## Work to complete:
Without the pictures, reproduce the records that follow exactly.
# # # # # # #
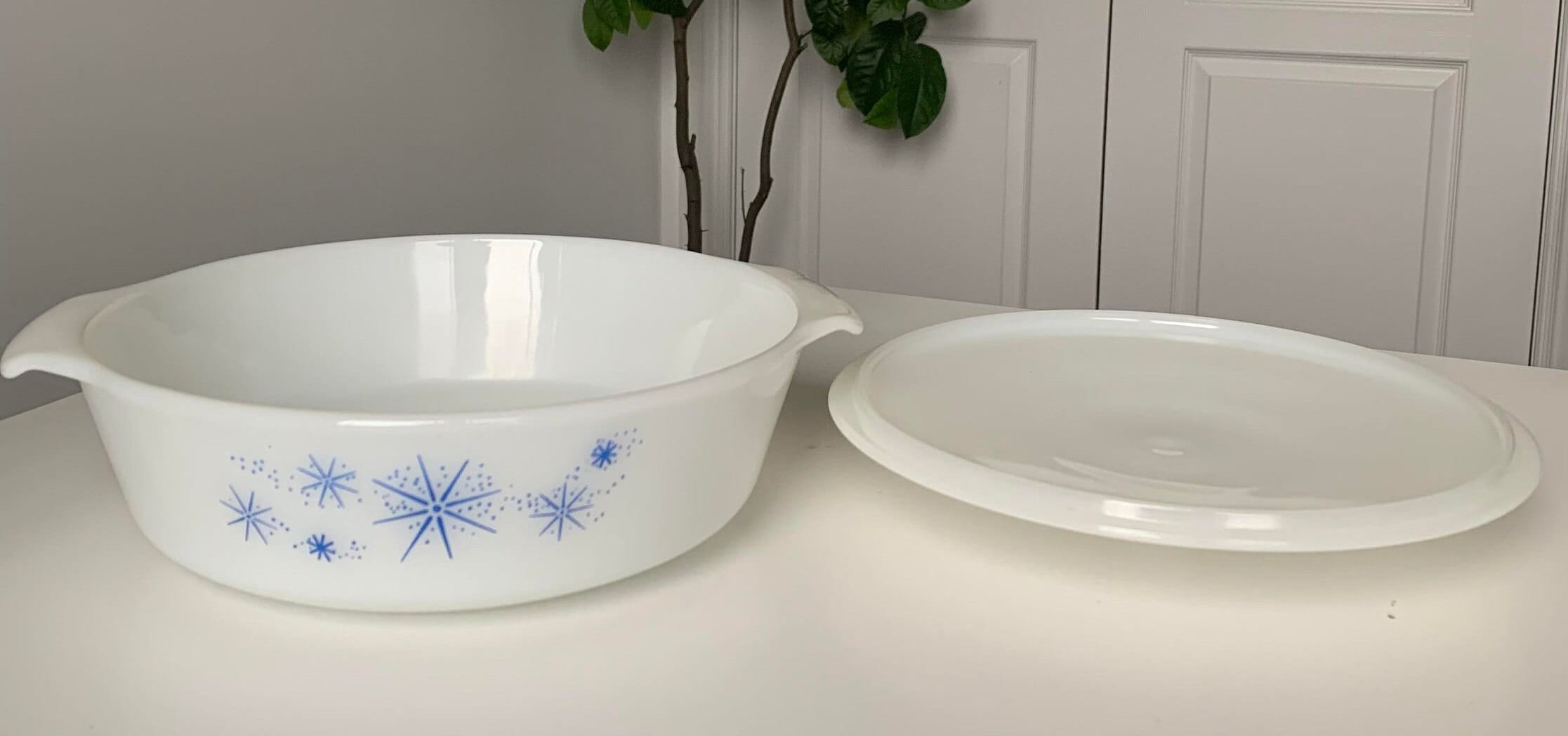 Fire King Turquoise Atomic Starburst Casserole Dish with Lid
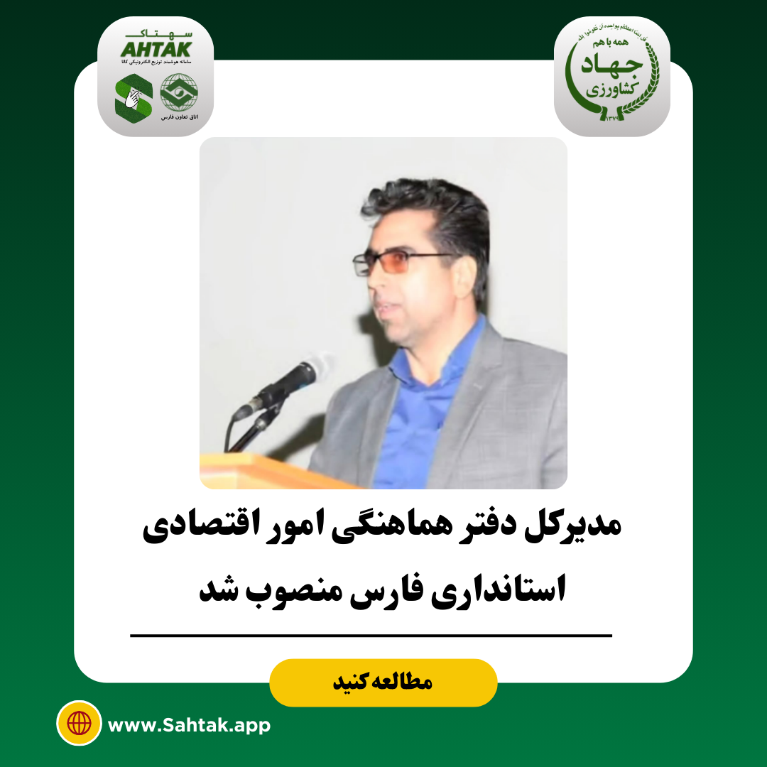 با حکم استاندار فارس؛سرپرست دفتر هماهنگی امور اقتصادی استانداری فارس منصوب شد
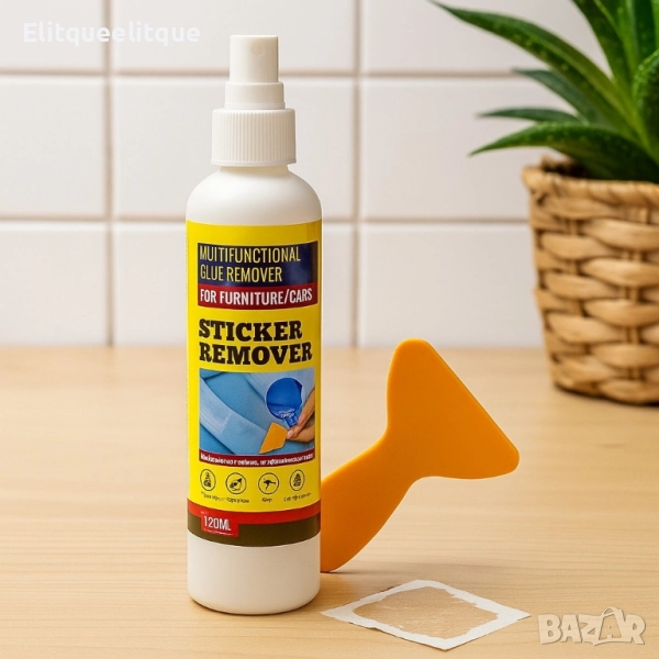 Обем: 120мл; Предназначение: Премахване на стикери, лепила и остатъци от лепкави вещества; Допълнителен инструмент: Ергономичен инструмент за стъргане; Подходящ за: Мебели, коли и други повърхности; Вид на опаковката: Специфичен спрей за лесно нанасяне.
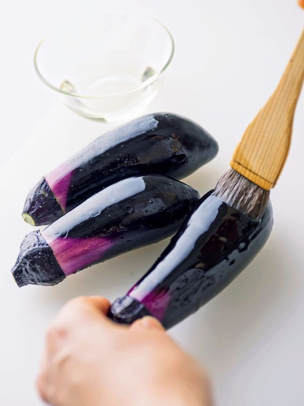 なすの水けを拭き、表面全体に刷毛で(なければ指で)サラダ油をなるべく薄く塗る。
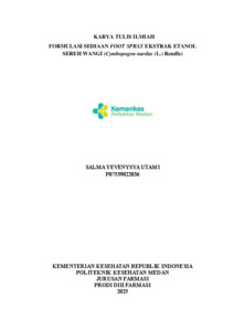 SALMA YEVENYSYA UTAMI, SALMA YEVENYSYA UTAMI (2025) FORMULASI SEDIAAN FOOT SPRAY EKSTRAK ETANOL SEREH WANGI (Cymbopogon nardus (L.) Rendle). Diploma thesis, Poltekkes Kemenkes Medan.
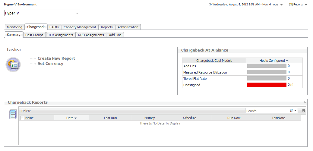 In an IT environment with a high number of physical and virtual machines, it is often important to determine the true cost of virtual machines in order to adequately plan resources for system utilization. The Chargeback tab available on the Hyper-V Environment dashboard provides standard models, allowing you to get insight into host machine usage within a data center.
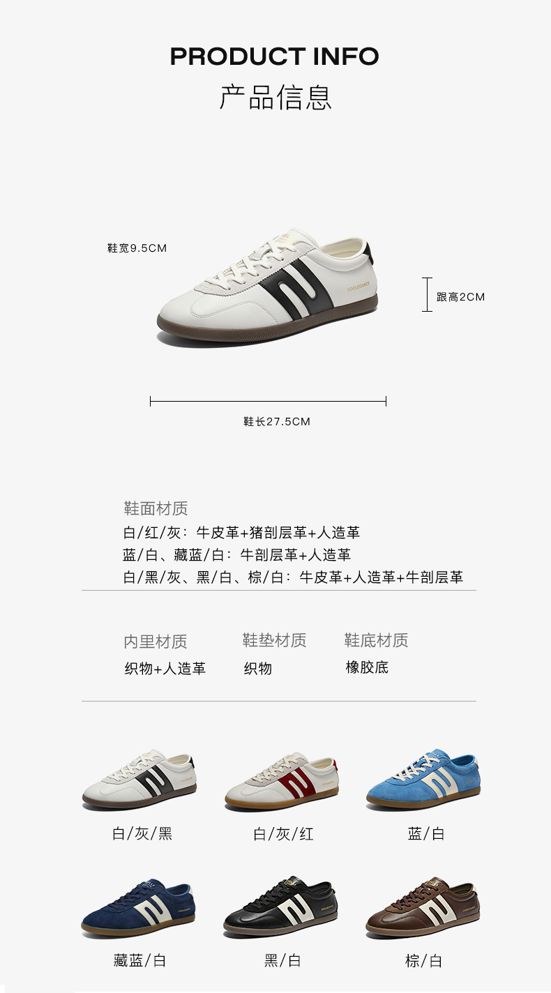 | 内增高:无 | 鞋跟形状:平跟 | 鞋面材质:人造革牛皮革牛剖层革 | 流行元素:撞色 | 闭合方式:系带 |
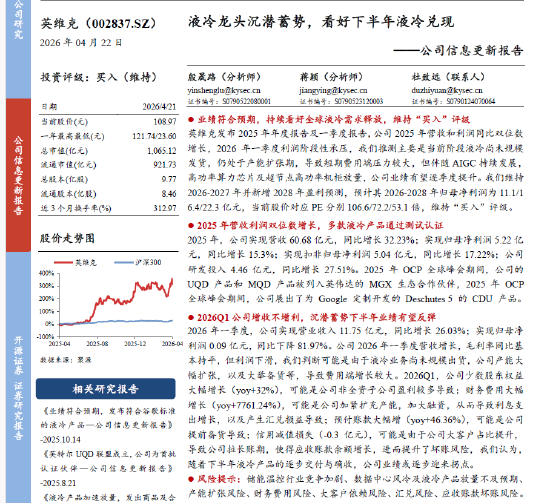 面对2025年前三季度不尽如人意的业绩,开源证券于2025年10月14日发布研报,将当年净利润预测从6.51亿元下调至6.03亿元,但同时将2026年预测从10.97亿元上调至11.10亿元,2027年上调至16.39亿元。理由是“2025年后液冷需求有望贡献较大弹性”。
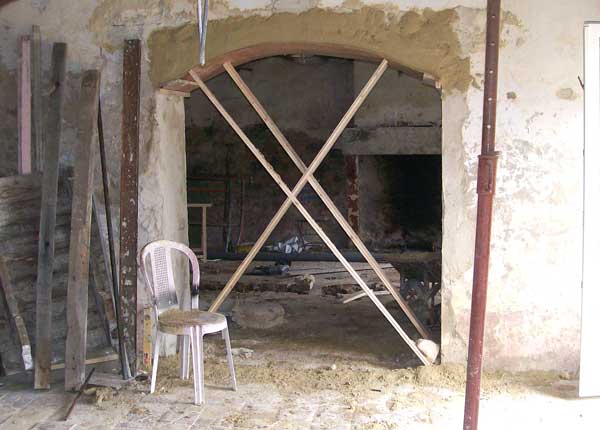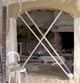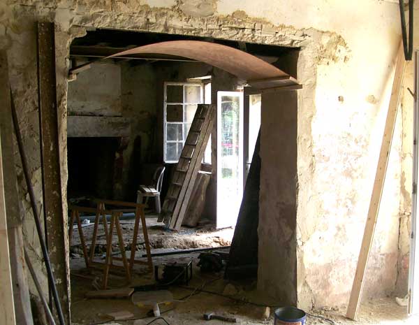 Pour ce faire j’ai positionné un contreplaqué de 5 mm que j’ai solidement fixé de chaque côté de l’ouverture. La forme est donnée, il n’y a plus qu’à remplir en espérant que le contreplaqué tienne.
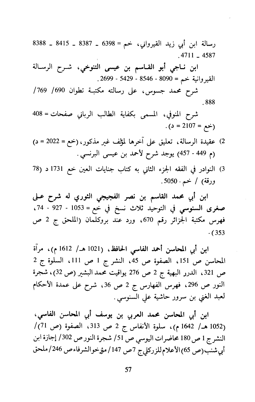 ابن ناجي أبو القاسم بن عيسى التنوخي، شرح الرسالة القيروانية خم = 8090 - 8546 - 5429 - 2699.
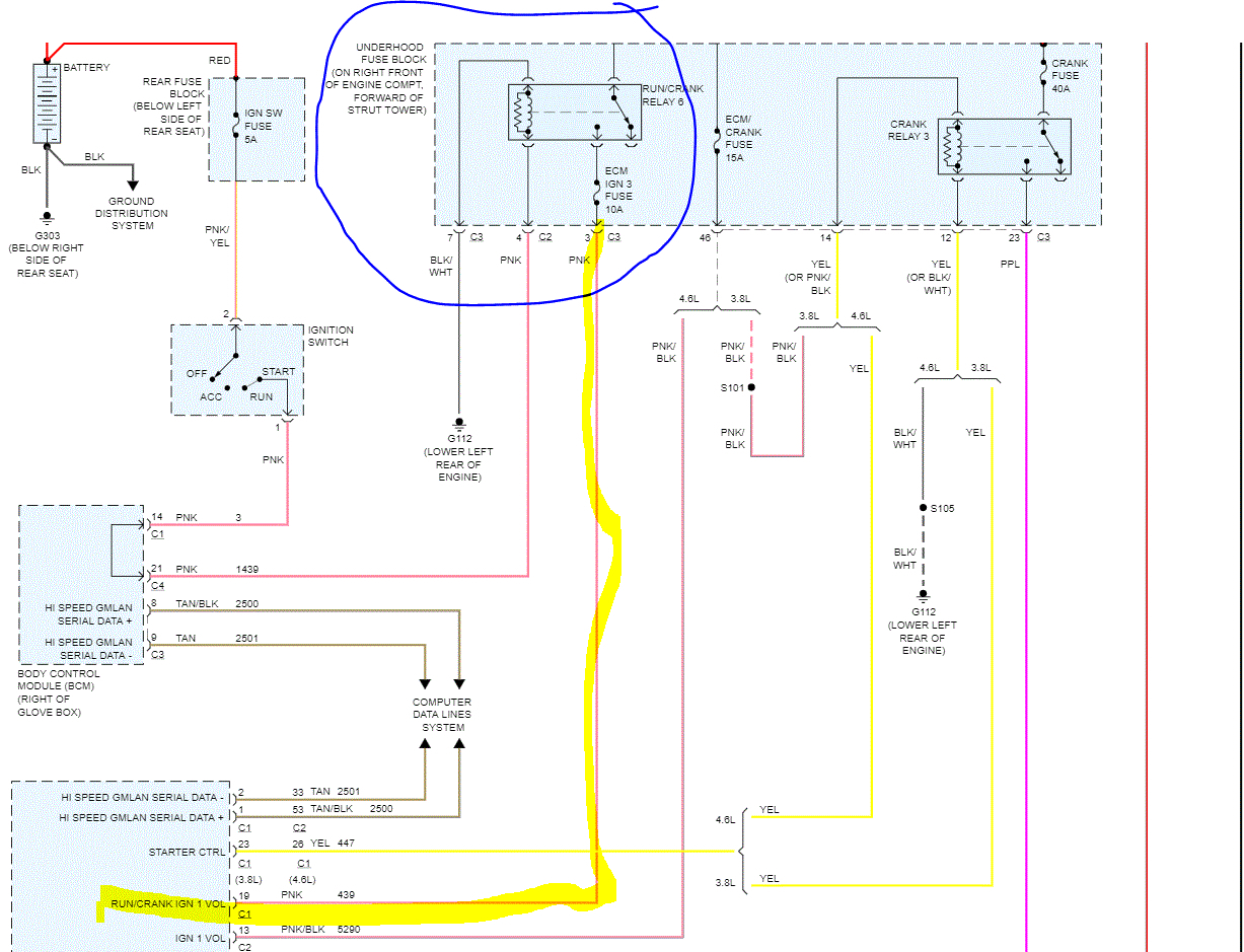 Checked C1 pin 19 (pink) on the ECM for power from run/crank relay (R6)
# # # # # # #
## Exercise answer:
 Fire King Turquoise Atomic Starburst Casserole Dish with Lid
 با حکم استاندار فارس؛سرپرست دفتر هماهنگی امور اقتصادی استانداری فارس منصوب شد
 Обем: 120мл; Предназначение: Премахване на стикери, лепила и остатъци от лепкави вещества; Допълнителен инструмент: Ергономичен инструмент за стъргане; Подходящ за: Мебели, коли и други повърхности; Вид на опаковката: Специфичен спрей за лесно нанасяне.
 なすの水けを拭き、表面全体に刷毛で(なければ指で)サラダ油をなるべく薄く塗る。
 SALMA YEVENYSYA UTAMI, SALMA YEVENYSYA UTAMI (2025) FORMULASI SEDIAAN FOOT SPRAY EKSTRAK ETANOL SEREH WANGI (Cymbopogon nardus (L.) Rendle). Diploma thesis, Poltekkes Kemenkes Medan.
 In an IT environment with a high number of physical and virtual machines, it is often important to determine the true cost of virtual machines in order to adequately plan resources for system utilization. The Chargeback tab available on the Hyper-V Environment dashboard provides standard models, allowing you to get insight into host machine usage within a data center.
 | 内增高:无 | 鞋跟形状:平跟 | 鞋面材质:人造革牛皮革牛剖层革 | 流行元素:撞色 | 闭合方式:系带 |
 面对2025年前三季度不尽如人意的业绩,开源证券于2025年10月14日发布研报,将当年净利润预测从6.51亿元下调至6.03亿元,但同时将2026年预测从10.97亿元上调至11.10亿元,2027年上调至16.39亿元。理由是“2025年后液冷需求有望贡献较大弹性”。
 Pour ce faire j’ai positionné un contreplaqué de 5 mm que j’ai solidement fixé de chaque côté de l’ouverture. La forme est donnée, il n’y a plus qu’à remplir en espérant que le contreplaqué tienne.
 ابن ناجي أبو القاسم بن عيسى التنوخي، شرح الرسالة القيروانية خم = 8090 - 8546 - 5429 - 2699.
 Checked C1 pin 19 (pink) on the ECM for power from run/crank relay (R6)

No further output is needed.